PHP Shell Scripts: bringing up and down Interfaces and checking whether enabled
I am trying to both find out if an interface is enabled right now, as well as to change the state. It seems to be half working.
print_r($config['interfaces']['wan']['enable']); $config['interfaces']['wan']['enable'] = false; $config['interfaces']['wan']['disabled'] = true; write_config(); interfaces_sync_setup(); exec; // interfaces_bring_up('wan'); interface_bring_down('wan'); interface_bring_down('pppoe0'); interface_reconfigure('wan'); print_r(Interface_isppp_type('wan')); interface_configure('wan'); interface_configure('pppoe0'); //interfaces_setup(); print_r(get_interface_list()); exec;
I have 2 main issues:
getting enabled state seems to be unreliable, especially, sometimes this value is not set
changes are not applied. I have to use
which works but which I really would like to avoid, since it takes a long time and does not match the "apply changes" web UI option, which seems a little more leightweight.
guardian last edited by
Best solution I had for this so far was to parse ifconfig…. but might I suggest that you ask this question in the development forum.... much more likely to be seen by someone who knows their way around pfSense internals/code.
If you get a good answer please mark your thread solved....
Thanks for 1) I thought the same (from what I have seen so far, and not having found a way to access CARP state otherwise).
For 2) I am still searching.
Also, I asked mod to move.. only saw "how do I compile x" messages in dev forum, that is why I went to general.
So.. i copy/pasted the code from the UI interfaces.php (the "apply" POST). Also, I had to persist the .interfaces.apply for each configuration (enabled and disabled).
Gateway assignment and defaults still were a huge issue.. so I am happy it is running for now.
I guess this will break with some update in the future (would be nicer to have a clear cut between UI and some fixed logic with a documented API), so I will be a little more reluctant to update that box.

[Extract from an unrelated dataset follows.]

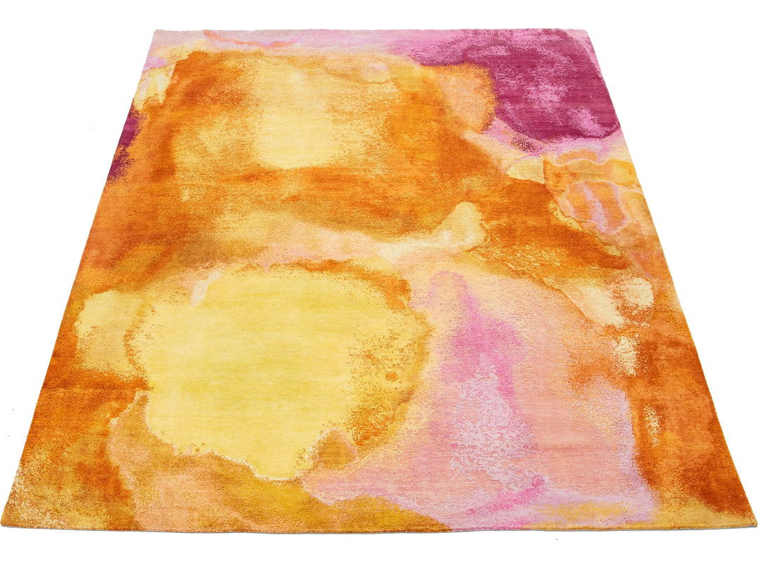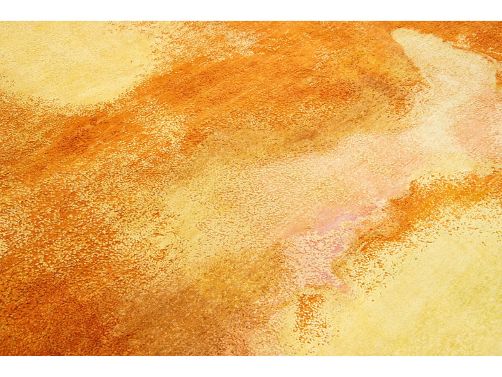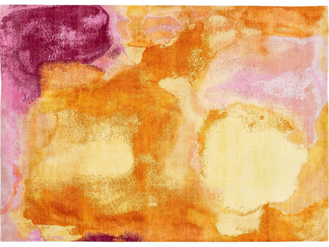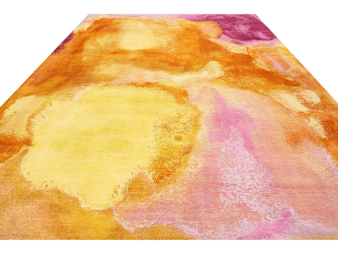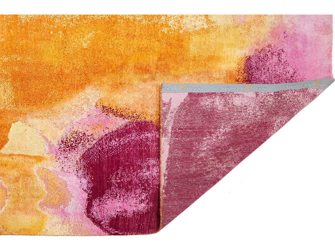 This contemporary hand-knotted rug showcases a stunning abstract design in vibrant colors that effortlessly captures attention. Made from high-quality wool or silk, it features intricate details and a rich palette of pink, ochre, and orange, adding to its overall elegance and sophistication. This rug measures 10'1" x 14'1".

So.. what I have now is a PPPoE-CARP (well, the CARP is only on the LAN, but the WAN uses PPPoE depending on who is CARP master, so they also share the same WAN IP), I also just added a VLAN interface to have HA of the relevant parts (for me VPN, IPSEC and OpenVPN) sync from Master to Backup via HA.
When the MASTER beocmes unavailable, it takes a little over 1 minute till the BACKUP is dialed in, but still, I hope this will prevent me from remotely locking myself out in the future, plus it should make system updates a lot better (internet connection only interrupted for 1 minute, available afterwards again with same features).